La masse salariale des fonctionnaires marocains atteindra 195 milliards de dirhams en 2026, un nouveau record qui reflète les revalorisations engagées ces dernières années et relance le débat sur la soutenabilité de cette trajectoire. Derrière cette hausse se dessine une équation budgétaire complexe, s’interroge le quotidien L’Economiste dans son édition du vendredi 24 octobre: comment concilier qualité du service public, pouvoir d’achat des agents et équilibre des finances publiques?
Selon le rapport sur les ressources humaines, la part de la masse salariale dans le PIB est restée en moyenne à 10,67% entre 2015 et 2025, avec un pic à 11,6% en 2020, année marquée par le ralentissement économique lié à la pandémie. Rapportée au budget général, cette part a reculé de 38,5% en 2015 à 32,4% en 2025, traduisant un effort de rationalisation et de réallocation au profit de l’investissement public. Pourtant, la masse salariale continue d’absorber près de 60% du budget de fonctionnement et plus de la moitié des recettes ordinaires, limitant ainsi les marges de manœuvre budgétaire.
Cette relative stabilité en proportion masque une augmentation continue en valeur, alimentée par trois facteurs, explique L’Economiste, citant les revalorisations générales et sectorielles issues des accords sociaux 2022-2025, les effets de carrière et les mesures fiscales de 2025, dont la révision de l’IR, qui a augmenté le salaire net des fonctionnaires. D’ici 2027, le coût total de ces accords atteindra 49 milliards de dirhams. Conséquence directe: le salaire net moyen dans la fonction publique a progressé de 43,6% en dix ans, passant de 7.381 dirhams en 2015 à 10.600 dirhams en 2025.
Le projet de loi de finances 2026 prévoit par ailleurs une reprise significative des recrutements, avec 36.895 postes budgétaires créés, un volume inédit depuis 2019. La majorité sera consacrée aux secteurs sociaux, notamment à l’Éducation nationale, qui bénéficiera de 19.000 postes pour soutenir la généralisation de la scolarisation, accompagner la réforme pédagogique et faire face aux départs massifs à la retraite. L’enseignement supérieur recevra 600 postes pour régulariser les enseignants titulaires de doctorat promus au grade d’enseignants-chercheurs, tandis que 500 postes seront attribués au cabinet du chef du gouvernement, dont 200 pour les personnes en situation de handicap.
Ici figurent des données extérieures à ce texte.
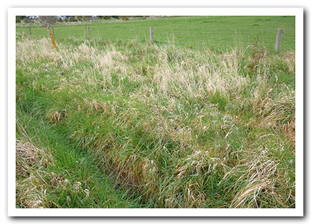 Lovely ‘Roadside grass’ long and fibrous – you can see how much fibre this would provide the horse compared to that in the grazed paddock in the background.

Les autres postes seront répartis entre les ministères de l’Intérieur, de la Santé et de la Défense.
Ces recrutements anticipent une vague de départs à la retraite qui concernera 68.418 fonctionnaires entre 2025 et 2029, dont 77% dans l’éducation, l’intérieur, la santé et l’enseignement supérieur. Le défi n’est plus seulement quantitatif mais aussi qualitatif: renouveler et requalifier les compétences pour assurer la continuité du service public.
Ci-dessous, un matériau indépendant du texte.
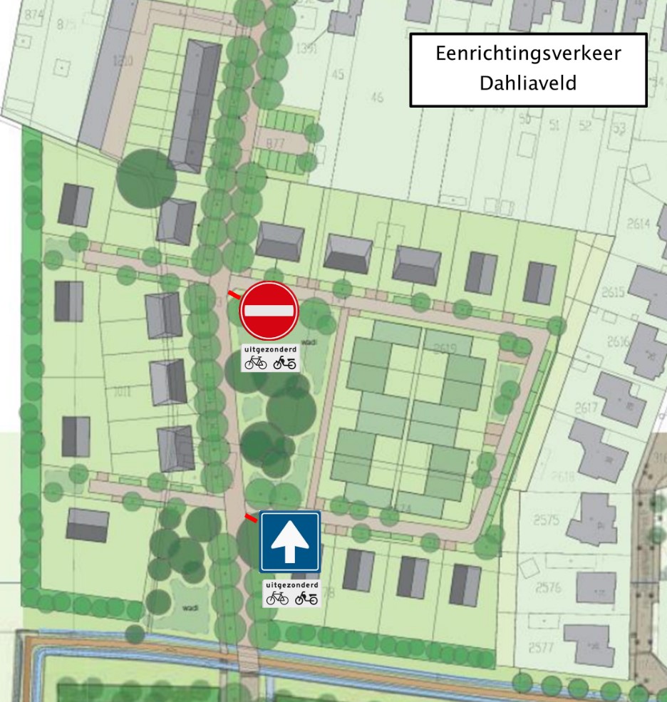 Verkeersbesluit eenrichtingsverkeer Dahliaveld, Gilze

Malgré les revalorisations depuis 2022, la fonction publique reste fortement polarisée. Les cadres et cadres supérieurs perçoivent en moyenne 12.484 dirhams nets par mois et concentrent plus de 80% des dépenses de personnel, tandis que le personnel d’exécution gagne en moyenne 5.925 dirhams et les agents de maîtrise autour de 7.238 dirhams. La majorité des fonctionnaires, près de sept sur dix, perçoit entre 6.000 et 14.000 dirhams, et seulement 4,8% dépassent 20.000 dirhams mensuels. Le relèvement du salaire minimum à 4.500 dirhams en 2025 a atténué les écarts au bas de l’échelle, mais les cadres supérieurs continuent de concentrer les rémunérations les plus élevées.
Le corps administratif est par ailleurs vieillissant: en 2025, l’État compte 576.062 fonctionnaires civils, dont un tiers dans l’Éducation nationale. Trente-quatre pour cent des agents ont 50 ans ou plus, contre 23,3% de moins de 35 ans. La catégorie intermédiaire (35-50 ans) représente 42,7% des effectifs. Cette structure impose une gestion prévisionnelle des emplois et des compétences pour transférer le savoir-faire et rééquilibrer la pyramide des âges.